For next week (Sept 28) Animate your pattern using the setTimeout function. Carefully consider what design changes you should implement now that your site is no longer static. If you are interested in introducing a random element to your pattern, feel free to.

Questions to consider:

  • Does your unit overwrite itself, or is it additive?
  • How fast does your pattern reveal itself, and in what stages?
  • Does the scale of your module shift now that it is animating?

Week 2 (Part 2/4)

Consider the feedback you recieved today in your small groups, and the overarching feedback produced out of the class discussion.

For next week (Sept 21), you will iterate and expand on your pattern. Revisit how you might manipulate layout, use css position properties like relative, absolute, and fixed, and take advantage of any default formal properties of a webpage (think of scrolling, view height, hashes) to further your design.

Questions to consider:

  • At what pace does your pattern reveal itself?
  • Does the scroll animate your pattern at all?
  • What aspects of your module stay consistent and create cohesiveness and rhythm across the animation? What aspects create inconsistencies?

Week 1 (Part 1/4)

For Sept 14, bring in a single-page github page with a fully functioning for loop that iterates at least 50 times.

Brief

Read Anni Albers’ chapter on Designing as Visual Organization and skim through her weaving patterns. Also read Against Ordinary Language: The Language of the Body by Kathy Acker and consider how what she describes relates to patterns, repetition, and design.

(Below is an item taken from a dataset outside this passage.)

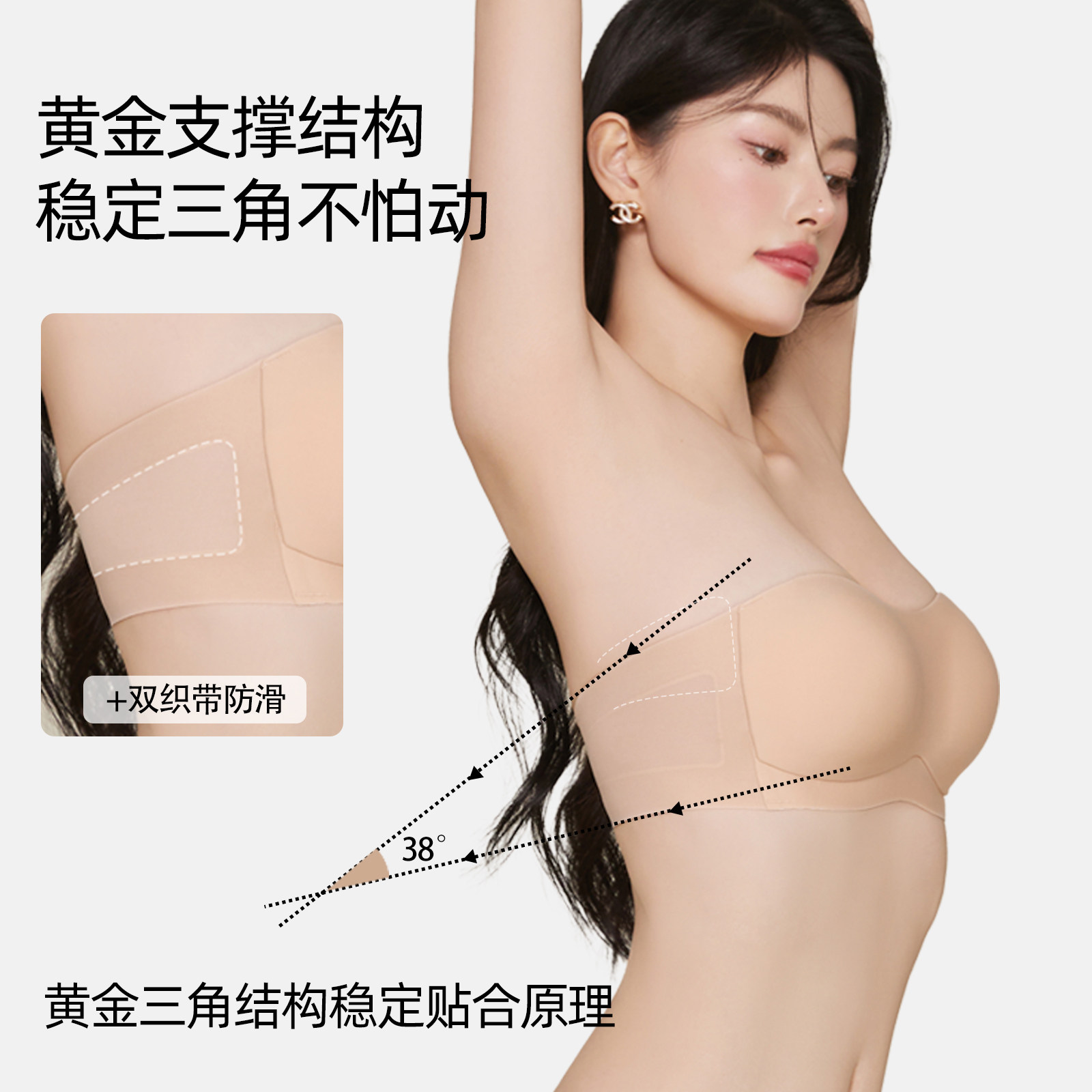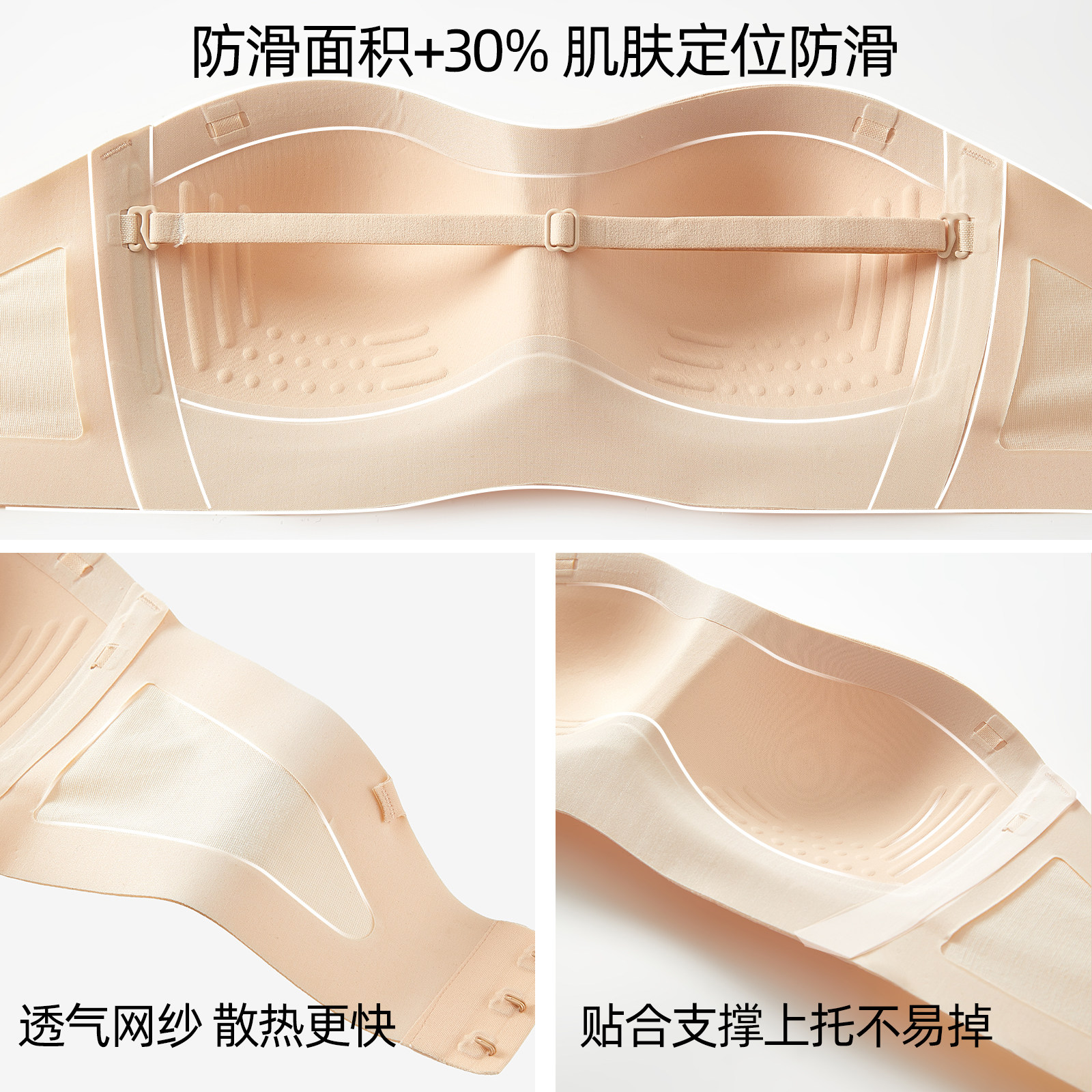菇娘家稳稳杯无肩带内衣女大胸美背抹胸裹胸隐形无痕聚拢防滑文胸
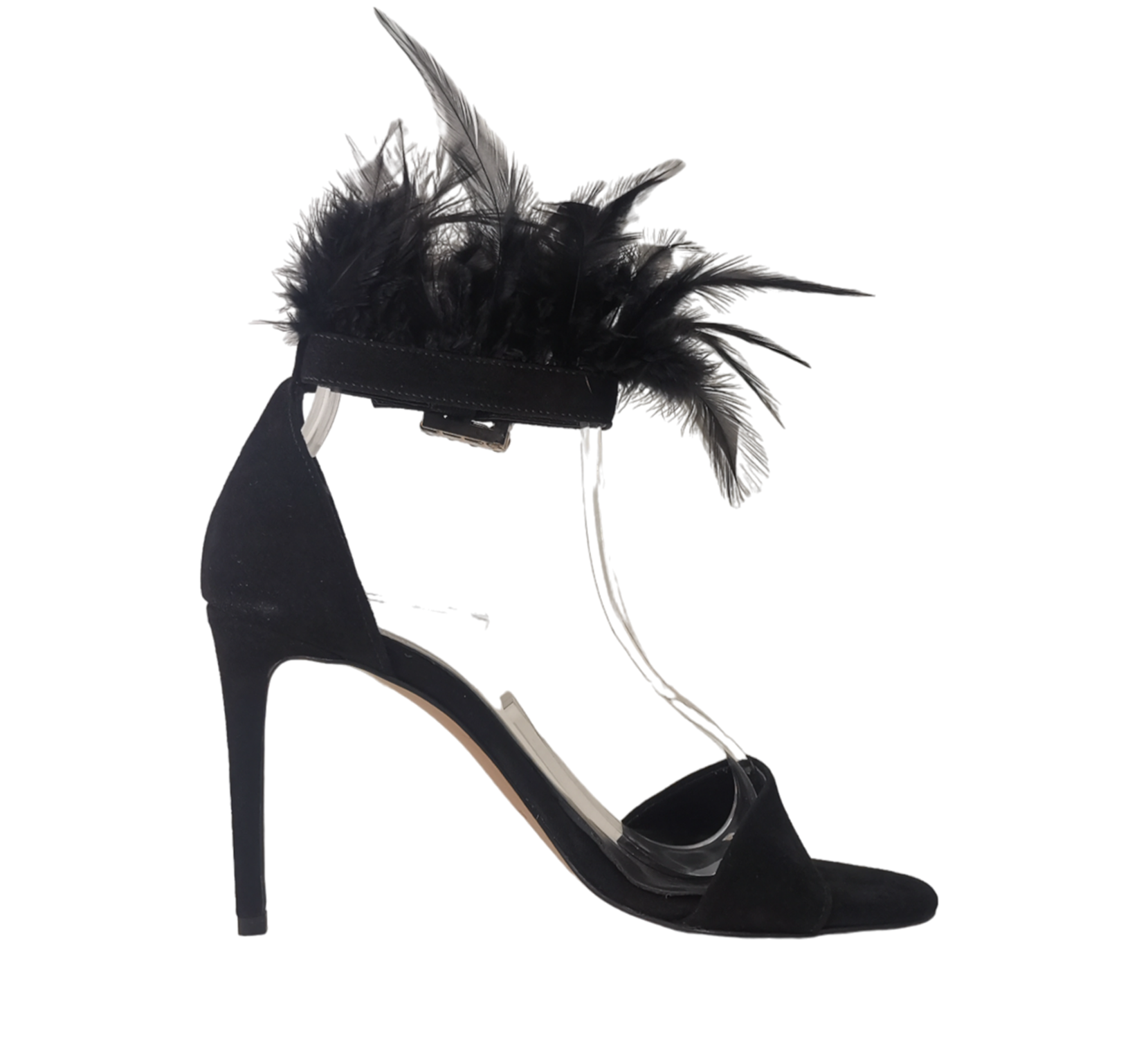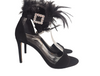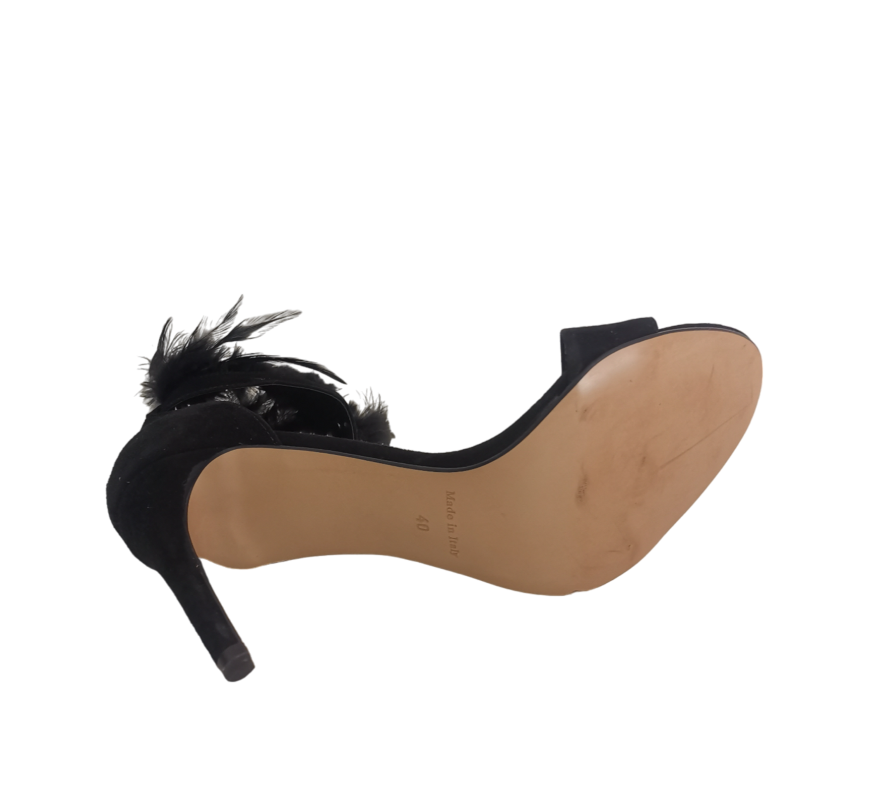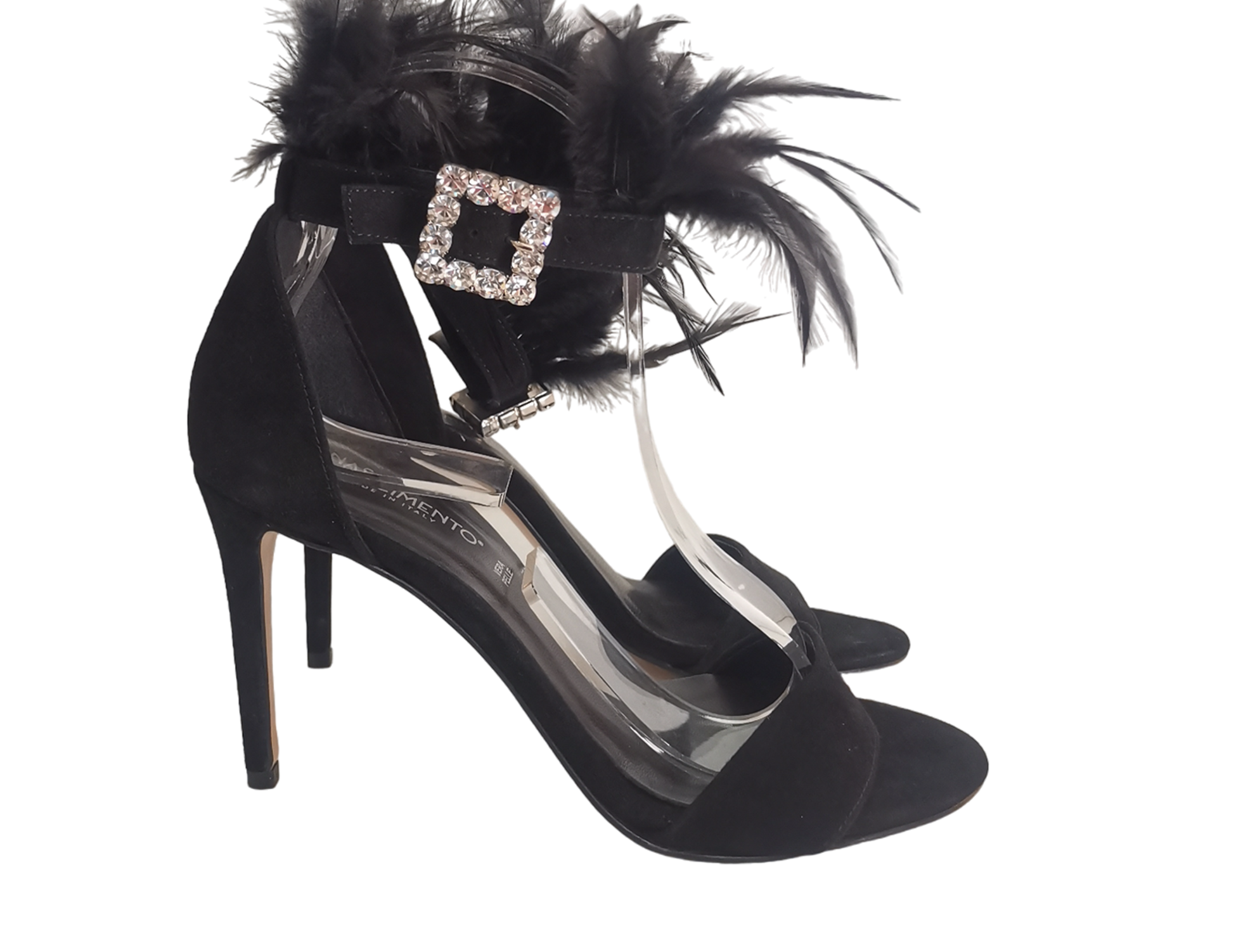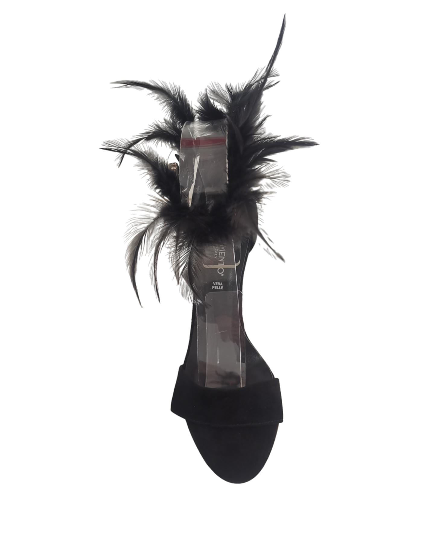 Talon aiguille RINASCAMENTO LUXURY en daim noir avec un délicat détail de plume sur la bride dotée d'une boucle en strass. Cette chaussure est parfaite pour les occasions formelles et les soirées. Il respire l'élégance et la sophistication, ce qui en fait un incontournable de la garde-robe de chaque femme.

Bring in a question for each reading, and consider how these texts relate to the following assignment:

You will write a JavaScript program which uses loops and if statements to create a module-based generative pattern. Using a single pattern unit (a module) (think: div ) that changes over the course of its output. Your unit should iterate at least 50 times. With each iteration, your unit should somehow modify itself (content, size, color, rotation, shape, texture). Your pattern should have at least 2 variables of change (ex: content, color), is allowed to repeat itself (i.e. be a pattern), and is allowed to be as abstract or literal as you want (it can tell a story, or it can be an exercise in form).